In your copy of the data below, reproduce every entry exactly and omit the pictures.

(Dataset entries)
◆ ◆ ◆ ◆ ◆ ◆ ◆
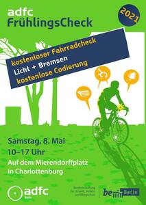 Sind Sie und Ihr Fahrrad nach dem Winter wieder fit für den Straßenverkehr? Bei unserem Fahrrad-Checks reparieren unsere Mechaniker Ihr Rad und ADFC-Profis testen Ihr Fahrrad und Wissen zum Thema Verkehrssicherheit. ADFC-Mechaniker*innen prüfen Ihre Fahrräder auf Verkehrssicherheit und machen Licht- und Bremsanlagen fit. Auch kleinere Reparaturen erledigen sie kostenlos direkt vor Ort. Außerdem codieren wir bei Bedarf Ihr Fahrrad von 10 bis 17 Uhr.
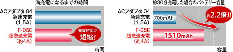 従来の急速充電と比べて、さらに短い時間で行える超急速充電にも対応。約30分間で従来の約2.2倍の容量を充電できます。
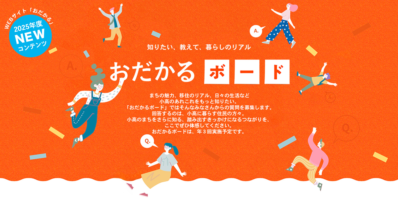 1. 実施期間 | 以下の日程で全3回の実施を予定しております。 ◎第1回 ・質問受付期間: ・回答期間:2025年10月2日~10月15日 ◎第2回 ・質問受付期間:2025年11月20日~11月26日 ・回答期間:2025年12月4日~12月17日 ◎第3回 ・質問受付期間:2026年1月15日~1月21日 ・回答期間:2026年1月29日~2月11日 ※回答期間中は、回答内容が順次追加されます。 各回の開催については、おだかるの Instagramアカウントでも発信予定ですので、 ぜひチェックしてみてください。 |
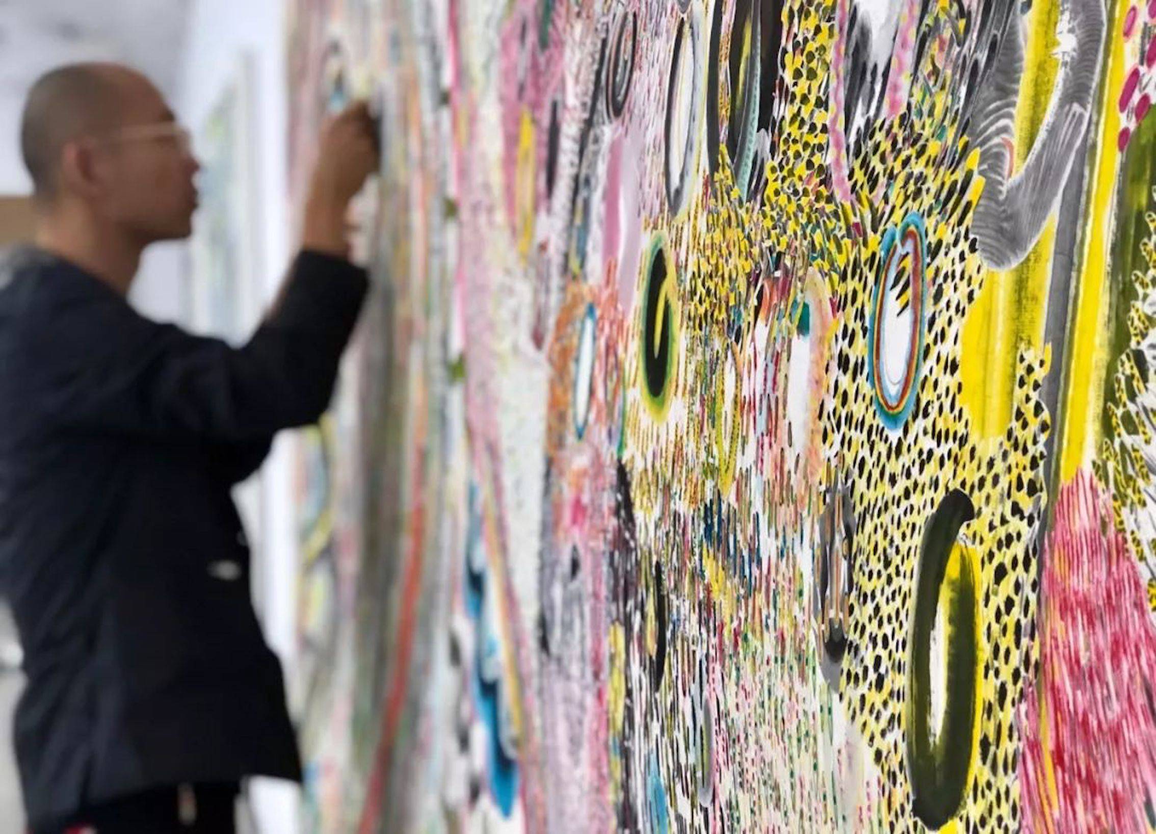 Perhaps the most striking departure in this period during which he achieved artistic maturity was the appearance in 2016 of a series of dynamic calligraphic abstractions under the general title 500 Brushstrokes. These were included in the 2016 exhibition Ten Thousand Things that took its title from the influential book Ten Thousand Things: Module and Mass Production in Chinese Art by Lothar Ledderose, an investigation into the use of modular and standardized production systems throughout the history of Chinese art in bronzes, porcelain, and architecture. There had been an abstract component in the 2014 exhibition Transformation in works such as Color Points and the various versions of Color Balls conceived as part of the underlying theme of spiritual transformation embodied in the figurative painting Nirvana of the White Ape although it is not an approach that he has investigated in any great depth since that period.
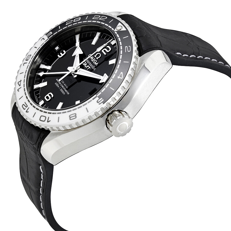 Stainless steel case with a black leather with rubber lining strap. Uni-directional rotating bezel. Black dial with silver-tone hands and index- Arabic numerals hour markers. Dial Type: Analog. Luminescent hands and markers. Date display at the 3 o''clock position. Omega Calibre 8906 automatic movement with about 60 hours of power reserve. Scratch resistant sapphire crystal. Screw down crown. Skeleton transparent exhibition see through case back. Case size: 43.5 mm. Round case shape. Water resistant at 600 meters / 2000 feet. Functions: GMT, second time zone, hour, minute, second. Luxury watch style. Watch label: Swiss Made. Omega Seamaster Planet Ocean Automatic Mens Watch 215.33.44.22.01.001.
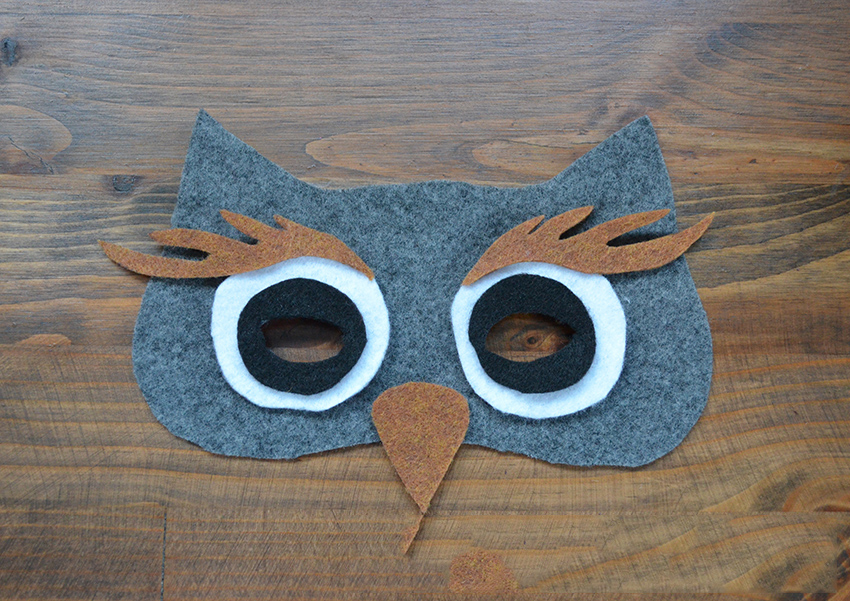 Шаг первый: распечатайте или нарисуйте от руки на листе бумаги шаблон своей маски (такой, как на фото) и вырежьте его. Вам нужно будет вырезать две заготовки из серого фетра. Нарисуйте эскизы клюва, бровей и кругов, которые будут вокруг глаз совы, а затем вырежьте эти элементы, чтобы использовать как выкройки.
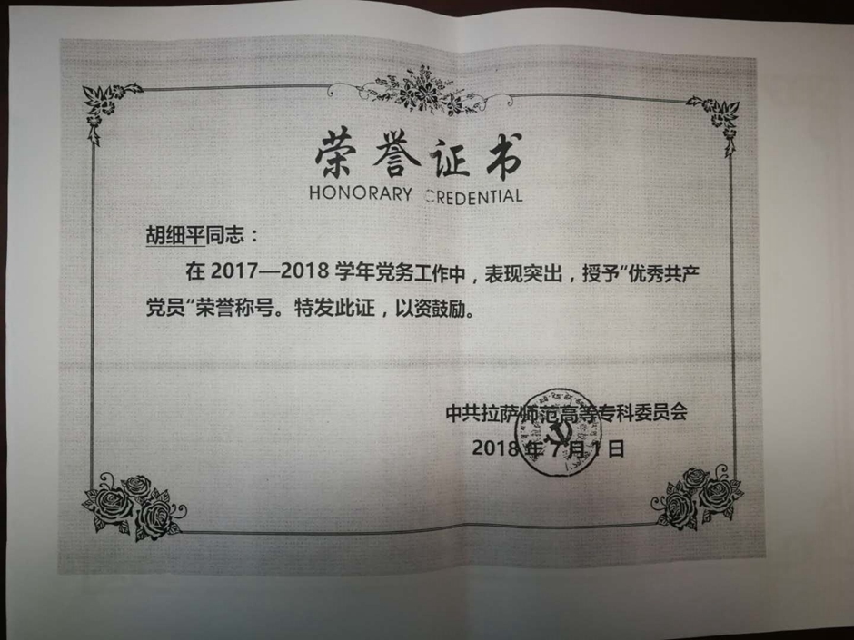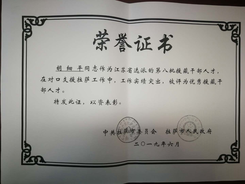 辛勤的汗水换来累累硕果。张其飞、胡细平在对口支援拉萨工作中,工作实绩突出,被拉萨市委市政府评为“优秀援藏干部人才”;胡细平被拉萨师范高等专科学校授予“优秀共产党员”荣誉称号。希望全校师生向两位援藏干部学习,也祝愿他们返回学校后,不忘初心、牢记使命,继续发挥先锋模范作用,在今后工作中取得更大成绩。
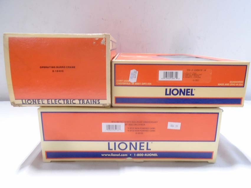 These are the #18402 Operating Burro Crane, the #35133 MTA Metro North RR M-7 Commuter Add-On 2-Pack, and the #19831 Operating GM Generator Car that Lionel made in the 1970s/80s. Our Opinion is that they are generally in Like New Condition. Original Boxes. All Original in our Opinion. Please add $40.00 for US-48 Shipping and Insurance (more west of the Mississippi). |
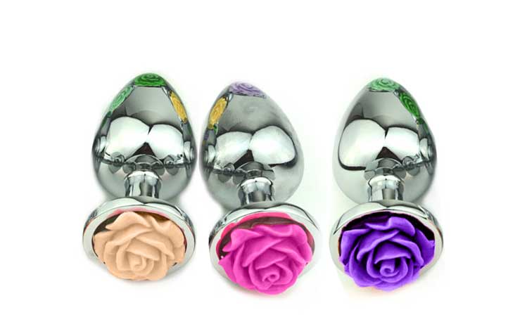 Plug prata em metal inoxidável, com formato cônico e detalhe de flor na base. É tamanho G e está disponível em 3 Cores (Rosa, Roxo e Creme). As cores podem variar o tom.
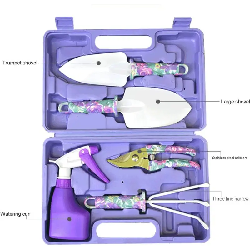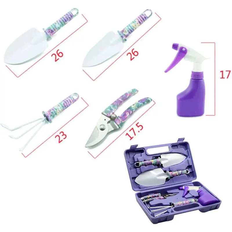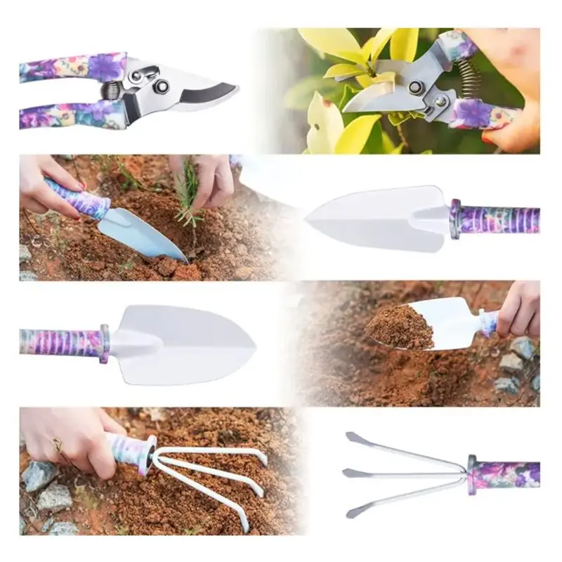 • ABKW-Garden Tool Set With Carrying Case,5 Piece Stainless Steel Gardening Kit With Floral Pattern Grass Flower Branch Trimmer
◆ ◆ ◆ ◆ ◆ ◆ ◆
Response below:
 Sind Sie und Ihr Fahrrad nach dem Winter wieder fit für den Straßenverkehr? Bei unserem Fahrrad-Checks reparieren unsere Mechaniker Ihr Rad und ADFC-Profis testen Ihr Fahrrad und Wissen zum Thema Verkehrssicherheit. ADFC-Mechaniker*innen prüfen Ihre Fahrräder auf Verkehrssicherheit und machen Licht- und Bremsanlagen fit. Auch kleinere Reparaturen erledigen sie kostenlos direkt vor Ort. Außerdem codieren wir bei Bedarf Ihr Fahrrad von 10 bis 17 Uhr.
 従来の急速充電と比べて、さらに短い時間で行える超急速充電にも対応。約30分間で従来の約2.2倍の容量を充電できます。
 1. 実施期間 | 以下の日程で全3回の実施を予定しております。 ◎第1回 ・質問受付期間: ・回答期間:2025年10月2日~10月15日 ◎第2回 ・質問受付期間:2025年11月20日~11月26日 ・回答期間:2025年12月4日~12月17日 ◎第3回 ・質問受付期間:2026年1月15日~1月21日 ・回答期間:2026年1月29日~2月11日 ※回答期間中は、回答内容が順次追加されます。 各回の開催については、おだかるの Instagramアカウントでも発信予定ですので、 ぜひチェックしてみてください。 |
 Perhaps the most striking departure in this period during which he achieved artistic maturity was the appearance in 2016 of a series of dynamic calligraphic abstractions under the general title 500 Brushstrokes. These were included in the 2016 exhibition Ten Thousand Things that took its title from the influential book Ten Thousand Things: Module and Mass Production in Chinese Art by Lothar Ledderose, an investigation into the use of modular and standardized production systems throughout the history of Chinese art in bronzes, porcelain, and architecture. There had been an abstract component in the 2014 exhibition Transformation in works such as Color Points and the various versions of Color Balls conceived as part of the underlying theme of spiritual transformation embodied in the figurative painting Nirvana of the White Ape although it is not an approach that he has investigated in any great depth since that period.
 Stainless steel case with a black leather with rubber lining strap. Uni-directional rotating bezel. Black dial with silver-tone hands and index- Arabic numerals hour markers. Dial Type: Analog. Luminescent hands and markers. Date display at the 3 o''clock position. Omega Calibre 8906 automatic movement with about 60 hours of power reserve. Scratch resistant sapphire crystal. Screw down crown. Skeleton transparent exhibition see through case back. Case size: 43.5 mm. Round case shape. Water resistant at 600 meters / 2000 feet. Functions: GMT, second time zone, hour, minute, second. Luxury watch style. Watch label: Swiss Made. Omega Seamaster Planet Ocean Automatic Mens Watch 215.33.44.22.01.001.
 Шаг первый: распечатайте или нарисуйте от руки на листе бумаги шаблон своей маски (такой, как на фото) и вырежьте его. Вам нужно будет вырезать две заготовки из серого фетра. Нарисуйте эскизы клюва, бровей и кругов, которые будут вокруг глаз совы, а затем вырежьте эти элементы, чтобы использовать как выкройки.
 辛勤的汗水换来累累硕果。张其飞、胡细平在对口支援拉萨工作中,工作实绩突出,被拉萨市委市政府评为“优秀援藏干部人才”;胡细平被拉萨师范高等专科学校授予“优秀共产党员”荣誉称号。希望全校师生向两位援藏干部学习,也祝愿他们返回学校后,不忘初心、牢记使命,继续发挥先锋模范作用,在今后工作中取得更大成绩。
 These are the #18402 Operating Burro Crane, the #35133 MTA Metro North RR M-7 Commuter Add-On 2-Pack, and the #19831 Operating GM Generator Car that Lionel made in the 1970s/80s. Our Opinion is that they are generally in Like New Condition. Original Boxes. All Original in our Opinion. Please add $40.00 for US-48 Shipping and Insurance (more west of the Mississippi). |
 Plug prata em metal inoxidável, com formato cônico e detalhe de flor na base. É tamanho G e está disponível em 3 Cores (Rosa, Roxo e Creme). As cores podem variar o tom.
 • ABKW-Garden Tool Set With Carrying Case,5 Piece Stainless Steel Gardening Kit With Floral Pattern Grass Flower Branch Trimmer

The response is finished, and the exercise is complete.